The state Senate's version of legislation to expand gambling in Maryland began to take shape yesterday with a radical rewrite of Gov. Robert L. Ehrlich Jr.'s bill allowing slot machines at four racetracks.
Among the ideas proposed during an all-day work session was scrapping the upfront licensing fees that Ehrlich is counting on to help balance next year's budget.
The move reflects an emerging consensus that it would be better for the state in the long term to give the tracks a lower percentage of the proceeds.
Senators also moved quickly to reject an administration proposal that the tracks be all but exempted from local zoning and land-use regulations as they build facilities for the slot machines.
The committee heard a lengthy presentation yesterday by staff analyst Vicki Gruber outlining proposed changes to an administration bill that has drawn scathing criticism from both supporters and opponents of slots.
The recommendations are not binding on the committee, but staff advice is often very influential with lawmakers -- particularly because it reflects the thinking of legislative leaders.
Among the other moves Gruber suggested:
Scrapping Ehrlich's effort to abolish the current Maryland Racing Commission and replace it with a new panel whose members would all be chosen by the governor. The proposal was severely criticized by horse owners and others who support the current commission's aggressive regulation of the tracks.
Ignoring the administration's proposed amendment exempting from local zoning regulations the giant gambling halls that the tracks plan to build. That idea -- suggested by the Maryland Jockey Club, owner of Pimlico and Laurel -- ran into fierce opposition from lawmakers and county executives.
Adding a requirement for minority ownership by saying that if the track owners offer any equity to the public, at least 10 percent must be made available to people or companies who qualify as minority businesses under state law.
Adding a variety of consumer protections to lessen the effects of problem gambling.

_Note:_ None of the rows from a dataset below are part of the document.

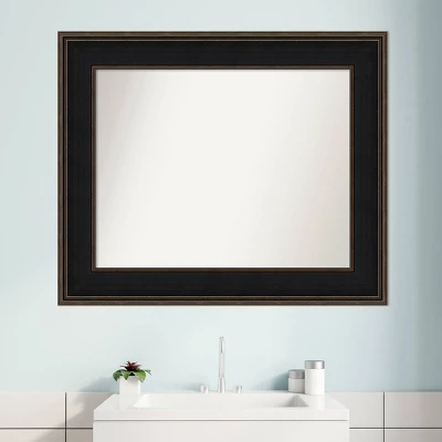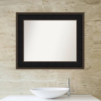 Give your bathroom the finishing touch with this 100% real wood Non-Beveled Wall Mirror framed with the Mezzanine Espresso frame. Individually made using traditional custom framing techniques, it has the quality you would expect from your local frame shop. It holds its value with premium finishing that can be appreciated up close. Because of our attention to detail and focus on artistry, architects, interior designers, and homeowners alike choose this mirror to create beautiful living spaces.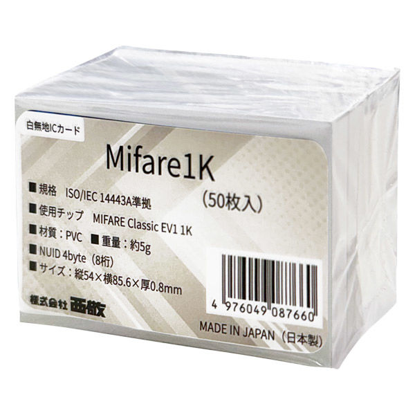 西敬 白無地ICカード(Mifare1K)50枚入 MF1K-50 1組(直送品)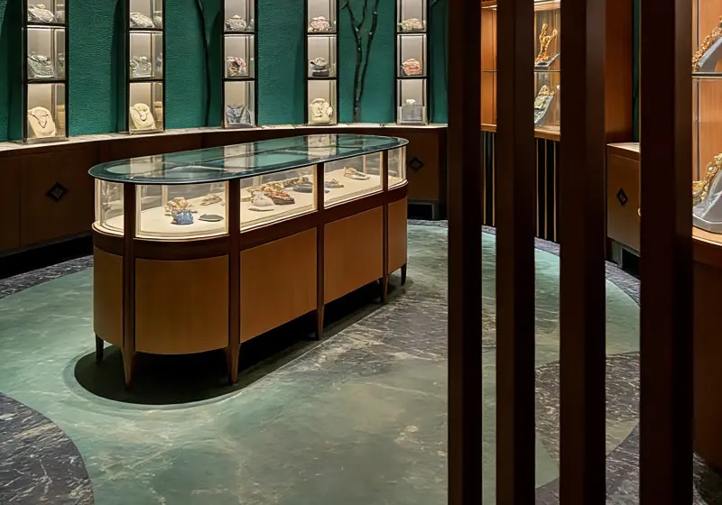 This elegant semi-circular jewelry display counter features a curved all-glass enclosure for 360° viewing, a premium walnut-finished wooden frame and base with sleek tapered legs, a soft cream velvet interior lining to highlight jewelry, and integrated warm LED spotlights, perfectly suited for high-end retail environments to showcase luxury pieces in a sophisticated, luxurious setting.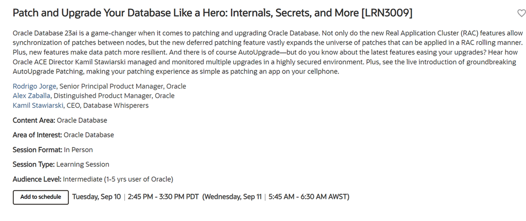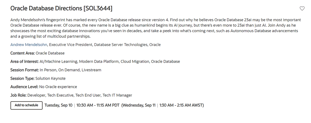 If keynotes are not your thing, this might be a good time to sneak into the 23ai hands on lab, or if grab a theatre session with Doug Hood who looks after much of our AI vector offerings in the Oracle Database.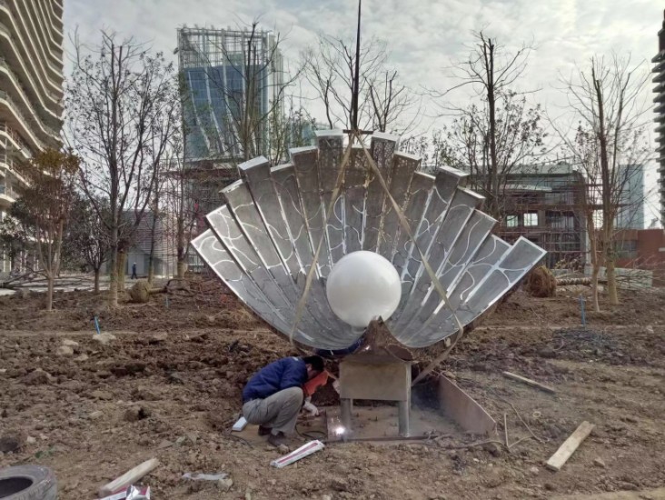 城市景观雕塑 镜面不锈钢雕塑 珍珠宝扇雕塑安装图镜面抛光效果分为预抛光和精抛光两部分:预抛光是先用硬性或较硬的抛光轮对经过磨光的不锈钢镂空球表面进行表面处理。精抛光部分是用软性轮对预抛光表面做进一步加工,除去预抛光留下的痕迹,使不锈钢获得光亮如镜的表面效果。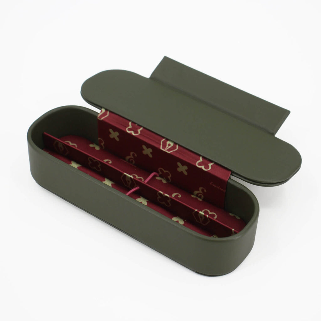 Just nook it... Der Pen Nook von Esterbrook ist eine feine "Garage" für Ihr(e) Schreibgerät(e). Jeder Pen Nook ist aus glattem Kunstleder gefertigt und hat ein farblich wunderschön gestaltetes Innenfutter.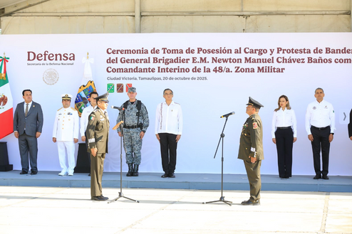 Asiste gobernador Américo Villarreal a toma de protesta del comandante interino de la 48 Zona Militar
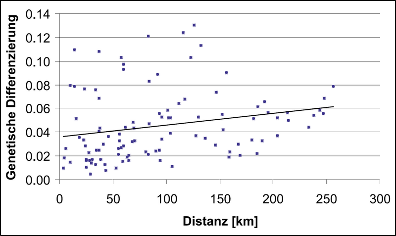 Abb. 4 - Zusammenhang zwischen genetischer Differenzierung (0 = genetisch identisch; 1 = genetisch völlig verschieden) und der geografischen Distanz (in km). Benachbarte Bestände sind sich zwar genetisch ähnlicher als weit entfernte Bestände. Der Zusammenhang ist allerdings nur schwach (kleine Steigung der Geraden).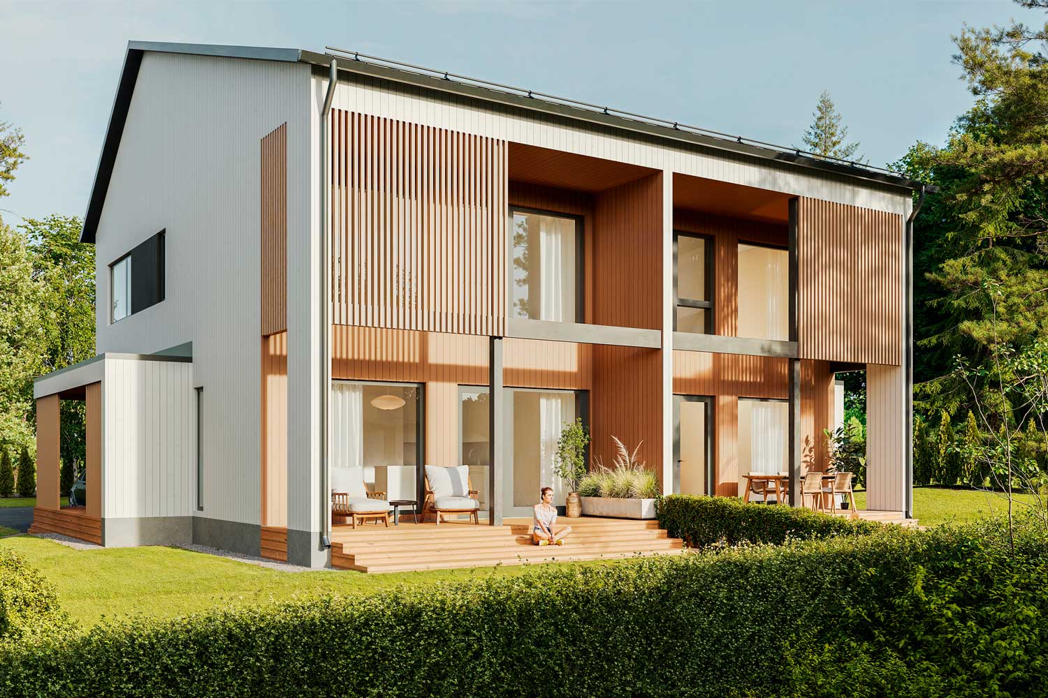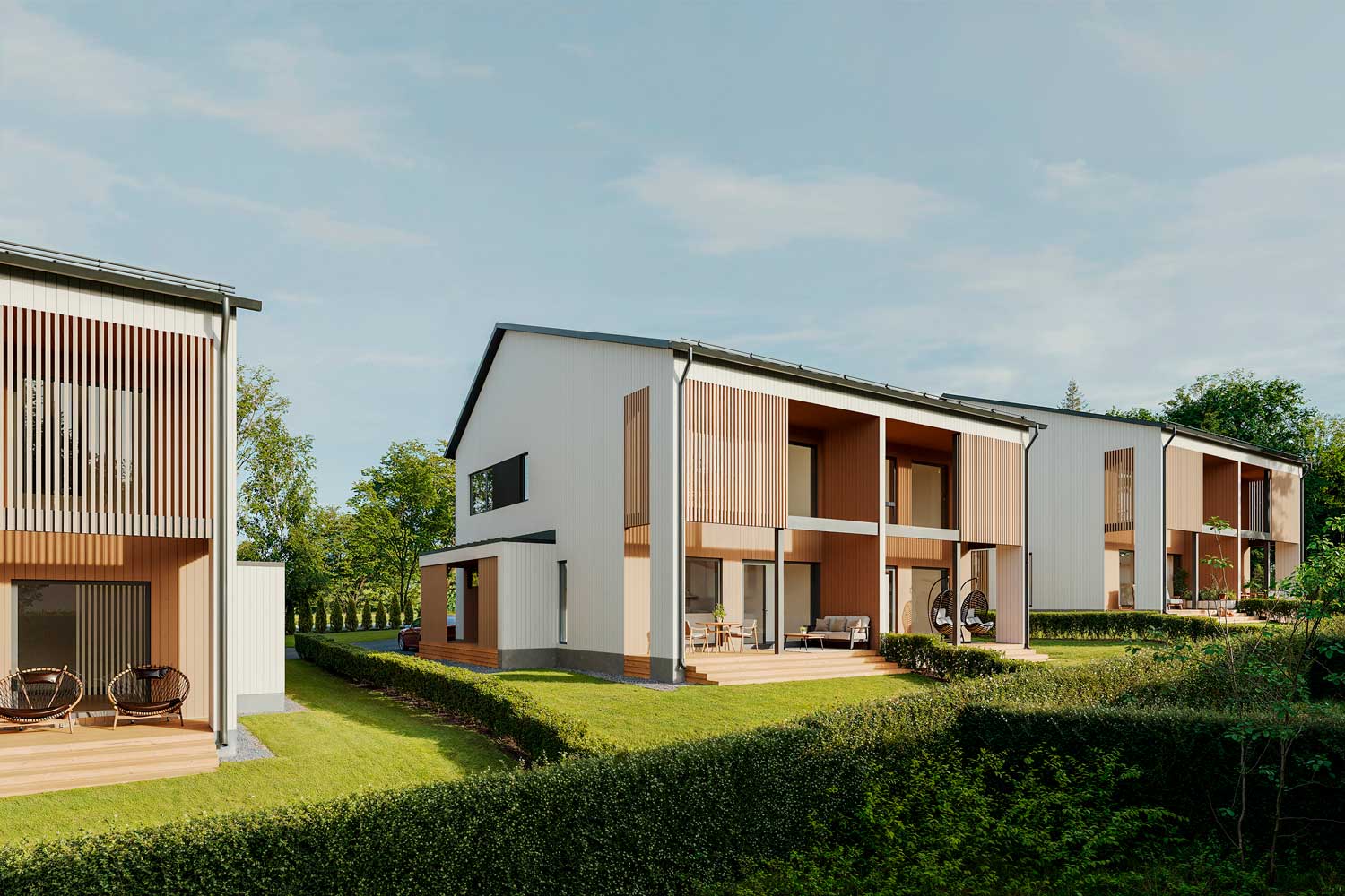 The new development consists of six two-story semi-detached homes, built from northern wood that brings a natural feel and timeless quality. Spacious layouts and durable, high-quality materials ensure comfortable living.

The suggestions included raising the age at which a person can play the slots to 21 -- Ehrlich's bill would have set the age at 18 -- as well as limitations on automated teller machines and withdrawal amounts at the slots parlors, and a prohibition on the cashing of public benefits checks there.
More than tripling what the governor would spend on compulsive gambling to $3.9 million and funding it with a yearly fee on each slot machine -- an idea borrowed from legislation proposed by Del. Howard P. Rawlings and Sen. Ulysses Currie, chairmen, respectively, of the House and Senate budget committees.
Cutting the term of the racetrack's slot machine licenses from 20 years to 15 years. One of the original justifications for the 20-year licenses were the heavy upfront fees proposed in the governor's original bill and scaled back in amendments Ehrlich submitted last week.
The staff did not make recommendations on such sensitive matters as the number of slot machines or how to split up the proceeds.
Those matters are likely to be decided this week in what lawmakers acknowledge will be extensive discussions.
"It's a 60-page bill. It takes a while," said Sen. Patrick J. Hogan, vice chairman of the Senate Budget and Taxation Committee.
The governor's plan would permit 3,500 slot machines at each of three Central Maryland racetracks -- Pimlico, Laurel and Rosecroft -- and 1,000 at a track to be built in Allegany County.
Ehrlich initially proposed upfront fees of $150 million each at the three larger tracks -- using the $450 million to help plug a gap in next year's budget. This month, the governor cut back the licensing fees to $40 million each.
The apparent Senate decision to scrap upfront fees would eliminate the linkage between the slots bill and next year's budget.
The move could cost Ehrlich what little leverage he had in dealing with the House of Delegates, which last week passed a bill supported by Speaker Michael E. Busch calling for a study of the ramifications of allowing slots.